In searching for ways to bridge this gap, many experts, educators, and employers have focused on increasing certifications and college-educated graduates in STEM occupations. Multiple reports from organizations such as the National Governors Association, the National Academy of Sciences, the American Association for the Advancement of Science, and the National Science Board have called for expanding and improving STEM education as essential to the nation’s economic future.1
The Obama and Trump administrations rolled out STEM education-based programs designed to educate people for future jobs. President Barack Obama argued for “an all hands-on-deck approach to STEM” and proposed preparing 100,000 new STEM teachers over the next decade and increasing federal investment in STEM education.2 Earlier this year, the Trump administration called STEM education “of paramount importance to America’s future workforce,” and the basis to cultivating a competitive economy.3 One industry-sponsored survey found that two out of five Americans believe a STEM worker shortage is “at crisis levels.”4
Current and projected labor market demands suggest that this rhetoric may be overdone and point toward a need to revise this STEM-focused approach to workforce development. STEM jobs make up a small fraction of the overall workforce: In 2015, just 6.2 percent of all workers were employed in STEM jobs. While these jobs are expected to grow faster than non-STEM jobs, this growth is from a small base, and Bureau of Labor Statistics (BLS) projections point toward slowdowns in growth.5
A separate BLS study found that the STEM-dominated high-technology industry represented 9.1 percent of the US job market in 2016. In 2026, BLS projects this high-technology workforce’s share of wage and salary employment will grow only marginally to 9.9 percent. For better or worse, non-STEM occupations will dominate the economy for decades to come.6
Moreover, STEM employment appears to be subject to a high degree of churn. A new study from David Deming and Kadeem Noray at Harvard University found that 58 percent of STEM graduates leave the field within 10 years due to advances in technology that leave workers with credentials that are no longer in demand.7 Of greater concern for a nation in need of good middle-skill jobs, STEM occupations skew high on the educational distribution. Currently, just 27 percent of STEM professionals have less than a B.A., down from 32 percent in 2010.

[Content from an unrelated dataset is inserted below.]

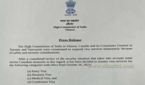 ସୂଚନାଯୋଗ୍ୟ, ଖଲିସ୍ତାନୀ ଆତଙ୍କବାଦୀ ହରଦିପ୍ ସିଂ ନିଜ୍ଜର ହତ୍ୟା ମାମଲାରେ ଭାରତ-କାନାଡା ସମ୍ପର୍କରେ ତିକ୍ତତା ବୃଦ୍ଧି ପାଇଥିଲା। ଭାରତୀର ବୈଦେଶିକ ମନ୍ତ୍ରଣାଳୟର ମୁଖପାତ୍ର ଅରିନ୍ଦମ ବାଗଚି ସେପ୍ଟେମ୍ବର ୨୧ରୁ ଭିଜା ସେବାକୁ ସ୍ଥଗିତ ରଖାଯିବା ନେଇ ସୂଚନା ଦେଇଥିଲେ।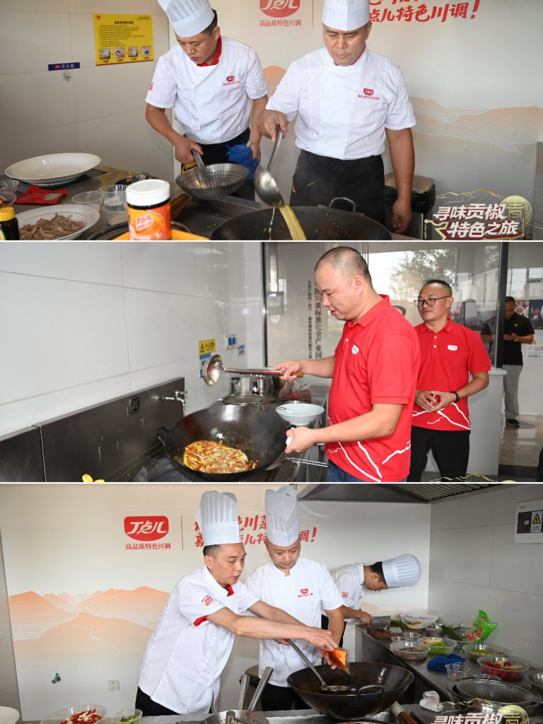 廚藝交流環(huán)節(jié),嘉賓們分組以椒麻、金湯酸菜、泡椒、干鍋四大風(fēng)味為靈感,結(jié)合丁點(diǎn)兒椒麻雞汁、干鍋醬等即興創(chuàng)作佳肴。現(xiàn)場香氣四溢,創(chuàng)意迭出。

Massachusetts Institute of Technology scholar David Autor has found that, as technology has advanced, occupations that demand skills such as flexibility, conscientiousness, and social skills are increasingly relevant.8 This suggests that in a technology-driven, highly automated economy, the most intrinsically human characteristics will, paradoxically, matter most. As I argue below, for those seeking to enter well-paying middle-skill jobs that require less than a bachelor’s degree, developing a balanced portfolio of technical and noncognitive skills appears to be the key to finding and retaining family-sustaining employment.

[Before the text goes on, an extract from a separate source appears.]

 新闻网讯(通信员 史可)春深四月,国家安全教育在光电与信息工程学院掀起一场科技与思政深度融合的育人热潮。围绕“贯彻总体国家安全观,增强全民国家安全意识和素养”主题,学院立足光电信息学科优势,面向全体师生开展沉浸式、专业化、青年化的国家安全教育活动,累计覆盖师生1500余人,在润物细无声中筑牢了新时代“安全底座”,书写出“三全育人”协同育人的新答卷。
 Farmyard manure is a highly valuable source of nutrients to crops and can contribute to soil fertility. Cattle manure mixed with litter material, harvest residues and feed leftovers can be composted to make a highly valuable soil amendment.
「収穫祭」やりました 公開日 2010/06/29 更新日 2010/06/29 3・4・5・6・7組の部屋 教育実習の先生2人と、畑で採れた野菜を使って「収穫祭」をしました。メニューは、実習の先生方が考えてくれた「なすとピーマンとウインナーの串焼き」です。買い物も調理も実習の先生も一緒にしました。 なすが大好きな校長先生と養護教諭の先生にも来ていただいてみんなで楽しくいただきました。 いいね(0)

This insight is supported by what employers consistently say are the skills they value most: noncognitive or “soft” skills such as professionalism, teamwork, and written and oral communication. Surveys for college and M.B.A. graduates found similar emphasis on oral and written communication, adaptability, and presentation rather than quantitative skills.9 A 2018 LinkedIn survey of over 4,000 talent development managers, line managers, and executives found strong majorities favoring skills such as leadership, communication, and collaboration over role-specific skills.10
Figure 1 shows the results of a survey of medium-sized and large employers who were asked to prioritize job-specific and flexible skill sets. Almost twice as many employers favored candidates who had a range of skills that could be used in various positions over candidates who had skills for specific fields or jobs. As might be expected, workers with strong skills in both domains are most prized.
Figure 2 defines what employers mean by broad, flexible skills. The top of the pyramid has the industry-specific certifications, while the base is made up of noncognitive attributes: interpersonal skills, integrity, professionalism, initiative, and dependability. This model is consistent with competency requirements for virtually every industry sector, highlighting the core competencies required of all workers across occupations.11 Such competency models suggest that the beginning of a successful career is not necessarily found only in technical expertise but also in possessing the personal characteristics that lead to success in relationships with coworkers and customers and the capacity to adapt to changing skill needs.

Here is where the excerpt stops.